Без права на ошибку. Спасти свою дочь — страница 23 из 33

Не знаю почему все складывается таким образом, но я очень рада, что Тимошей будет заниматься именно Дима и никто другой.

– Настя! – в палату влетает заплаканная мама. Она бросает куртку на пустое кожаное кресло и кидается ко мне с объятиями.

После нападения Станислава Дима сказал перевести меня с Викой в отдельную палату, и никого постороннего не пропускать.

В отделении усилили бдительность, входные двери закрыты, попасть сюда можно лишь после личного распоряжения Кирилла Александровича. Без разрешения заведующего отделения никому не дозволено ни зайти, ни выйти. Только сотрудникам и то по острой необходимости.

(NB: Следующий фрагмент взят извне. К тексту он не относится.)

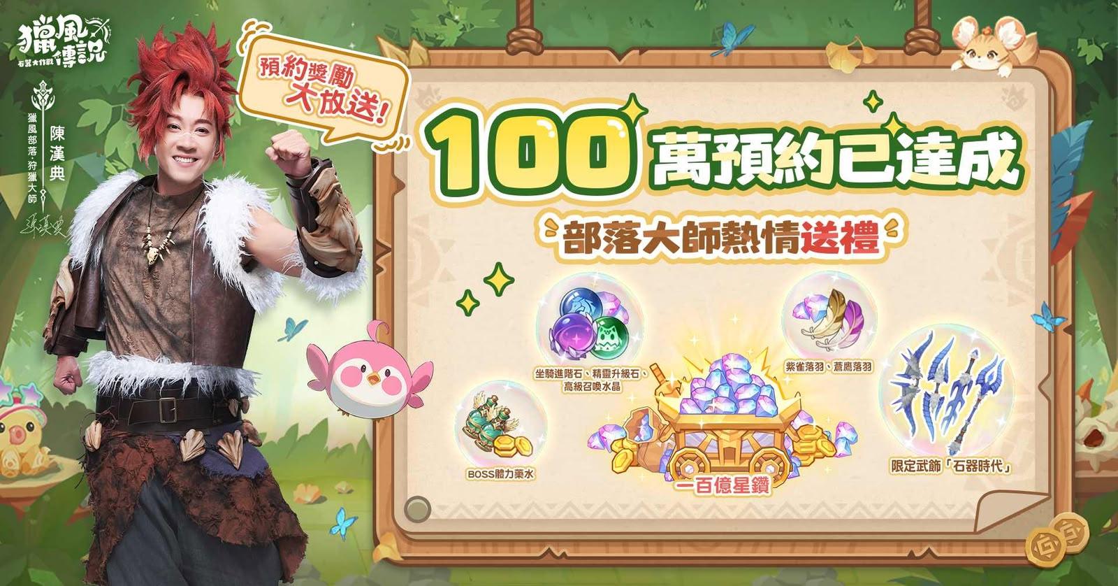 目前,《獵風傳說:石器大作戰》預約人數已正式突破100萬大關。為回饋廣大玩家的支持,官方已解鎖全檔位預約獎勵,包括:SSR台港澳限定寵物「卡佈佈
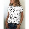 New Fashion Music T-shirt for Women's Round Neck Casual Classic Note Printing 3D Digital Printing Fun T-shirt 2870

Мне повезло, что Дима в хороших отношениях со своим непосредственным начальником, Кириллом. Иначе бы родителей не пропустили ни при каких обстоятельствах.

– Мама! – выдыхаю, делая шаг вперед.

Врезаюсь в нее, обхватываю за плечи и утыкаюсь в плечо. Она в ответ крепко обнимает меня.

Плачем вместе.

– Доченька моя, – шепчет мама, гладя меня по спине.

Она говорит мне успокаивающие слова, приободряет и не позволяет пасть духом, постоянно тормошит и дергает меня.

Вика словно чувствует мою тревогу и никак не уснет, малышка лежите в кроватке, смотрит на игрушки, которые я для нее развесила и наводит активность, в силу своего возраста, как может, но тем не менее я очень рада этому.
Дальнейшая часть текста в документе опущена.